- Exercise goal: The data below holds the lines to copy: everything from the line containing "- Standaard side-bars" to the line containing "Laboratory glassware with", both ends included, set down exactly.

- Available data:
-*-*-

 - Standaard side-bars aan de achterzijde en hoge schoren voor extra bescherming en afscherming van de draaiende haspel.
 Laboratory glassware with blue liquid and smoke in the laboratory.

-*-*-

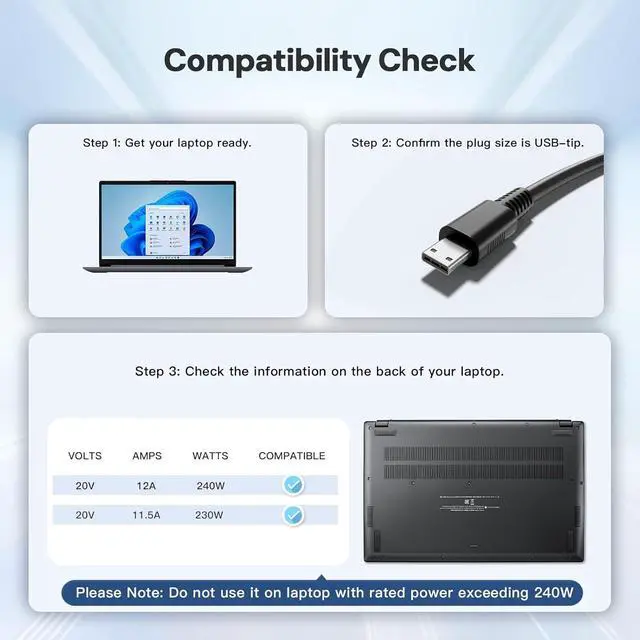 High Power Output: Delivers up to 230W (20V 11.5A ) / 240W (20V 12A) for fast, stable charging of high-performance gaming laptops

-*-*-

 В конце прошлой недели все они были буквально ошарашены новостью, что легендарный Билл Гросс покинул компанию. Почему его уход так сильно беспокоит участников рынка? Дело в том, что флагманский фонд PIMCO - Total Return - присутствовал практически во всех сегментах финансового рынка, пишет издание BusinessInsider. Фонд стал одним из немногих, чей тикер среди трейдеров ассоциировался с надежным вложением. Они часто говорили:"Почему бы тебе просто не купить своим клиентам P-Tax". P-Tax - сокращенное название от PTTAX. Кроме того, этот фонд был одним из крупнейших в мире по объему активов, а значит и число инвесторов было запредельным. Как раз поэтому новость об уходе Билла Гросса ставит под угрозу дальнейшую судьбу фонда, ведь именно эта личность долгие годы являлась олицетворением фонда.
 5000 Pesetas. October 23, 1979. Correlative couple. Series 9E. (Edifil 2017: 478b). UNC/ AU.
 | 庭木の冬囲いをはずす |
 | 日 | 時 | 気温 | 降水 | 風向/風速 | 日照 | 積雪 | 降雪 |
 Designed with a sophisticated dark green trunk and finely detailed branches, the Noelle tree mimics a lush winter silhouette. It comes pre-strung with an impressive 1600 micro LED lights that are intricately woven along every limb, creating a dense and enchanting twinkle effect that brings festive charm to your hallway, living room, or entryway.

-*-*-

- Task solution:
 - Standaard side-bars aan de achterzijde en hoge schoren voor extra bescherming en afscherming van de draaiende haspel.
 Laboratory glassware with blue liquid and smoke in the laboratory.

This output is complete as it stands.